The numbers of commissioners shall be limited to the numbers set out in AoA. A Board of
Commissioners must have a minimum of one Commissioner or more.16 Boards of
Commissioners consisting of more than 1 (one) member shall constitute a council. There are
different types of committees, namely: (1) nomination and remuneration committee, (2) audit
committee, (3) risk policy committee, and (4) corporate governance committee.
Khairunnisa Rahinaningtyas Corporate Governance
16/397035/EK/20991

Commissioners on the Board of Commissioners are responsible for exercising their rights and
discharging their duties in good faith, with care and in a professional manner. Other duty is called
the duty of loyalty. In international corporate governance practice, the duty of loyalty is of central
importance to the governance framework, underpinning the effective implementation of key
corporate governance issues. The duty of loyalty requires commissioners to exercise their powers
in the interests
of the company as a whole.

Board of Directors
The ICL provides definition of the Board of Directors as the companies organ with full authority
and responsibility for the management of the company in the interests of the company in
accordance with the company’s purposes and objectives and to represent the company in and out
of court in accordance with the provisions of the AoA. In Indonesia, the establishment of a Board
of Directors is mandatory for limited liability companies.

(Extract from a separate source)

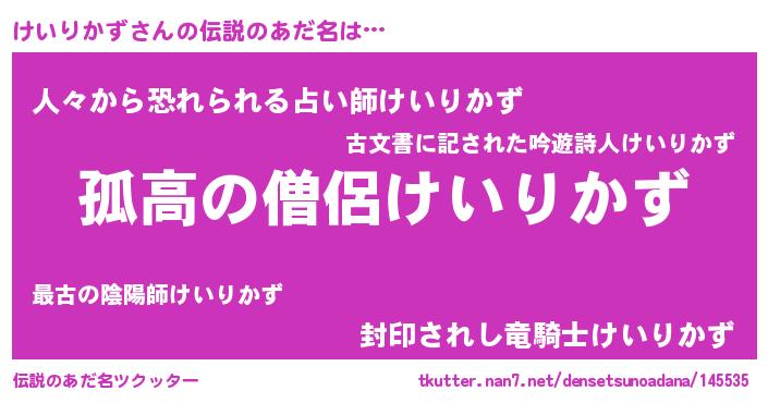 | 意味不明あだ名 | 『とにかく怪しいけいりかず』 |

ICL specifies several of the Board of Director’s duties and obligations, which include:
- undertake the management of Companies in the interest of the Companies and in
accordance with the Companies’ purpose and objectives
- represent Companies in and out of the courts
- make a register of shareholders, special register, GMS minutes, and minutes of meetings
of the Board of Directors; make annual reports and the Company’s financial documents as
contemplated in the Company Documents Act; and maintain all registers, minutes and the
Company’s financial documents and others of the Company’s documents.
The Indonesia’s CG Code provides general guidelines which stipulate that the duties of the Board
of Directors shall cover 5 (five) main tasks, namely in the areas of management, risk
management, internal control, public relation, and social responsibility. The position between
President Director and the members are equal. The ICL Article 92 regulates that the Board of
Directors of a company shall consist of 1 (one) or more members.
ICL does not set the maximum term, neither limit the re-election of the board of Directors’
member for a certain number of terms. However, the common practice in Indonesia is that the
terms usually 5 years and can be re-elected for maximum 2 times.